Speaking of packed genres, none are more so full than RnB. At 20 years old Sub Blue shows more than just promise, but a tight grasp on what makes a good RnB song. He’s personal and honest avoiding the tendency for generalist lyrics designed to reach as many listeners as possible. Our only hope for him is to stretch out into more artistic styles akin to Kelela or Blood Orange. KD.

Science of the Lamps

Science of the Lamps

Science of the Lamps – District

We’d be sinning if we didn’t mention Science of the Lamps. Such an idiosyncratic band, whose members populate the Liverpool music scene in various ways already, shouldn’t work. They’re a medley of genres that effortlessly does seem to work. They’re the manifestation of the Threshold festival, a convergence of art and culture from around Liverpool. Still don’t know what the name means though.

Jazamin Sinclair

Jazamin Sinclair

Jazamin Sinclair – Unit 51

A sunny folk-punk blended set in Unit 51 seemed a perfect soundtrack to the weather on Saturday.

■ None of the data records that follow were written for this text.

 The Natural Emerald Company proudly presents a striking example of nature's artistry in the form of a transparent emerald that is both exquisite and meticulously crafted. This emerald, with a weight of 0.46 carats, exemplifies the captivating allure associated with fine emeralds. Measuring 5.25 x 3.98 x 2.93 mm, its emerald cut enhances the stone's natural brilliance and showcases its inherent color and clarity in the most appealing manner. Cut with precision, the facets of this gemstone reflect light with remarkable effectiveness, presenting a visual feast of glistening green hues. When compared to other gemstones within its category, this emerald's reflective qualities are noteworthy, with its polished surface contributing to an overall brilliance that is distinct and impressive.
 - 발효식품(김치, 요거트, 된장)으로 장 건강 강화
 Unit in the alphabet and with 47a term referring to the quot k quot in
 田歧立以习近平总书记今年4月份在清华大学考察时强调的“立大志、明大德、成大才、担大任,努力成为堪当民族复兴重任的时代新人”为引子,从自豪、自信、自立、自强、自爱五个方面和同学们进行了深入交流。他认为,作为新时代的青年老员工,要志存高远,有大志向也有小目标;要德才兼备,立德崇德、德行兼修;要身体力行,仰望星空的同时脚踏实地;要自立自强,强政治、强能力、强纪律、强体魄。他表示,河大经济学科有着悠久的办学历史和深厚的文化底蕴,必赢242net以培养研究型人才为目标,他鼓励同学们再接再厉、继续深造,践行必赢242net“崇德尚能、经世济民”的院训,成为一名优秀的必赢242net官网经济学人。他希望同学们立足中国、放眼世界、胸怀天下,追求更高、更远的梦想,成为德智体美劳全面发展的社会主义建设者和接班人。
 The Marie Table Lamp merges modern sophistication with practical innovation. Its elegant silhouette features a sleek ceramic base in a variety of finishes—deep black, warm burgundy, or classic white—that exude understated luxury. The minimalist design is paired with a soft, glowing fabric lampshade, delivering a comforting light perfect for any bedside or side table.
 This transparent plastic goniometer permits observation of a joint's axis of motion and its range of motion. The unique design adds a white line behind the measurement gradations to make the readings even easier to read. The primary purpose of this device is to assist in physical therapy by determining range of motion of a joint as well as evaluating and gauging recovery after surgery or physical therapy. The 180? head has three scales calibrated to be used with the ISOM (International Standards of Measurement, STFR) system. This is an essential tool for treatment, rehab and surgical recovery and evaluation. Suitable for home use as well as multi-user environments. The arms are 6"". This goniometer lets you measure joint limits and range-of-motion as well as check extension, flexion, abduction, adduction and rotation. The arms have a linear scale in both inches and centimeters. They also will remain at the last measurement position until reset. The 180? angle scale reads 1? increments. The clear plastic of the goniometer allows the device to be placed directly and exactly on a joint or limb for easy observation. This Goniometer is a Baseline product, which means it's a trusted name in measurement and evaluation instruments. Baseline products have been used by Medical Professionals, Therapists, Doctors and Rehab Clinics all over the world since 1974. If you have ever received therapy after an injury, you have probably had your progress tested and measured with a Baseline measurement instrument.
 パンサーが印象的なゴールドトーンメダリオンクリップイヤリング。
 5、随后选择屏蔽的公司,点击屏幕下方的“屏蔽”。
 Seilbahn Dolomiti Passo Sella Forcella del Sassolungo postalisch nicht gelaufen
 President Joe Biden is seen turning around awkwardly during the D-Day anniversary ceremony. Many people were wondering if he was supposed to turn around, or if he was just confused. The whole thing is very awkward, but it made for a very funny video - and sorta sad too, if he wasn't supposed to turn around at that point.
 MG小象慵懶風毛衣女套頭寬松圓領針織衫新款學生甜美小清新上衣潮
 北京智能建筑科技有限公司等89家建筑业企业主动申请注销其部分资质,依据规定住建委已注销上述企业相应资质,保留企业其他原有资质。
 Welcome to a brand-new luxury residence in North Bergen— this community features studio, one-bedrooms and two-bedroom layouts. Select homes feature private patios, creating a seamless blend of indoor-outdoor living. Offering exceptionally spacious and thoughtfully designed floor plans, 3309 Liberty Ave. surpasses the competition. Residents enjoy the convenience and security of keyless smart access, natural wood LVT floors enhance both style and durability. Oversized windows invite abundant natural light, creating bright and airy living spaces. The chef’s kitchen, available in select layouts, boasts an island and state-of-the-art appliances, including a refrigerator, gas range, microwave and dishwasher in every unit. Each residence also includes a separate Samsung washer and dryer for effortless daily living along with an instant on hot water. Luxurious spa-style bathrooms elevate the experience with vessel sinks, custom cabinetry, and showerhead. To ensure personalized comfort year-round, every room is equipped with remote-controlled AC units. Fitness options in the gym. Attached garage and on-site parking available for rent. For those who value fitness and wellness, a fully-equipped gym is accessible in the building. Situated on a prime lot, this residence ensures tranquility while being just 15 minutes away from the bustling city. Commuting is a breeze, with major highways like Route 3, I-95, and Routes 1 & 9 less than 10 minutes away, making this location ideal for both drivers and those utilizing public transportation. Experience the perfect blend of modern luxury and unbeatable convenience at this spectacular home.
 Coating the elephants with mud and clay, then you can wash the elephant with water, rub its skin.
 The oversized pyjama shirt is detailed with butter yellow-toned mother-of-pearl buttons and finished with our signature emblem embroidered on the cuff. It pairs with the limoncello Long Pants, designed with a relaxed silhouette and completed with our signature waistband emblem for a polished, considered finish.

Her acoustic guitar playing was powerful and urgent, offset beautifully by her accompanists on cello and xylophone. There were country twangs of Lindi Ortega at times. A cracking little gem in a crowded line up. There’s an EP out soon and we’re keen to get our hands on it. PG.

COW

COW

C.O.W – District

One of the heavier sets of the weekend and bringing a definite grunge feeling to the proceedings. C.O.W. powered through half an hour of pure energy. “This song’s about drugs” – “Ha!” says an audience member. “It’s not a laughing matter mate”. But, we’ll admit, it may have been the “Moosic” non-joke that made us like them. It was a piece of Seattle brought right here in District. PG.

Ray Wills

Ray Wills

Ray Wills – Unit 51

Like some crazed Hendrix / Nirvana lovechild Wills pulled not a single punch on the (non) stage in Unit 51. Tight guitar playing and complex rhythms from his drummer, we can’t really decide if it was jazz, rock, blues, indie or what, such was the wealth and breadth of influences at work here. But it was awesome and it drew one of the biggest crowds at Unit 51. “Music’s a beautiful thing and it brings people together in harmony. Literal harmony”. The stand out set of the weekend. Absolutely stunning. PG.